The only reason studio recordings don't use companies like Nordost is because they don't want to change the sound - they just want it neutral. That makes sense. Audiophiles like euphonic not neutral.


----------



## HeadphoneAddict

I don't care what anyone says, I've witnessed burn-in with my amps and headphones. I have not noticed a change in cables with burn-in. That doesn't mean it doesn't happen, just that my ears are not good enough.

 Disregarding burn-in, I can also tell a difference between headphone cables. I can listen to several headphone cables on my own equipment, and tell what is different between them most of the time, up to the limits of my equipment or ears. Sometimes this takes intense concentration and over-focusing, and other times the differences are fairly evident to the whole world. 
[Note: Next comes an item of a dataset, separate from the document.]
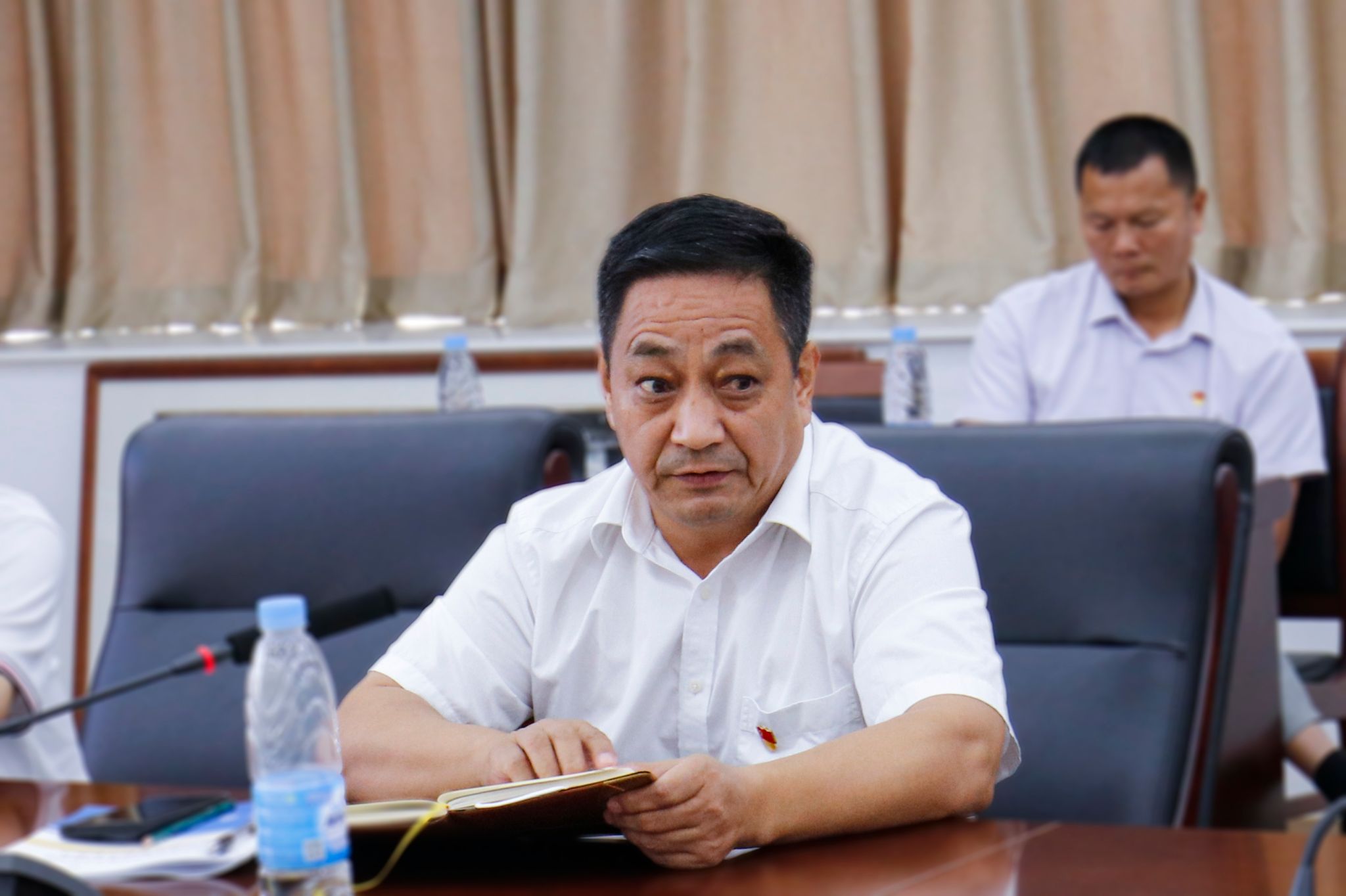 10月25日上午,beat365官方网站在综合楼12楼会议室召开“认真学习宣传贯彻党的二十大精神,全面推进党建引领与迎评工作”党委扩大会暨中心组学习会。党委书记张东生主持会议。校长张湘伟、副校长王义宁、党委副书记张宗珊、副校长刘香萍、党委副书记黎会友、副校长谭锦兴、校长助理唐建宁、校长助理舒程及各院系党总支正副书记、直属党支部书记、马克思主义学院院长参加会议。

 However, I cannot always tell the difference between interconnects. I just have a harder time hearing a difference in my interconnects than with headphone cables. Cheap interconnects ($10) sound good, expensive ones ($60) sometimes sound the same as the cheap ones, and sometimes I get an interconnect that just stands out as superior (ALO Jumbo Cryo Silver X stands out to me). It's not the cost that makes the difference, in my case one of mine didn't cost anything, and I had no expectations till I listened and it was like, "What is this I hear? Wow!"

 Lastly, I can't seem to tell a difference between speaker cables or power cables. Lamp cord and a generic computer power cord have always been good enough for me.
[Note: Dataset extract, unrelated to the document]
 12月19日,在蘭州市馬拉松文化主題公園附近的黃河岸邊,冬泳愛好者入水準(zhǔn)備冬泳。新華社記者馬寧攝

 I can understand how there can be differences when a cap has formed, or when a driver is mechanically broken in. And, my ears support that. My ears and brain are not burning-in, it IS definitely the amp or headphones that have changed with use.

 Believing in burn-in doesn't require the same kind of Faith as believing in Jesus, because I can witness burn-in for myself - but with my Faith, I have to trust in the witnesses that came before me.


----------



## Gaara

OP if you are still reading this the best bang for your buck are the cables that come in the box. By definition nothing will beat them in the price/performance ratio as they are free. In this same line of thought the best aftermarket ones would probably be something like monoprice. You can get a pair of 3ft analog audio cables with gold plated connectors and 22 gauge wire for $2.37. I am sure your BJC will be better but 10x better, I doubt it.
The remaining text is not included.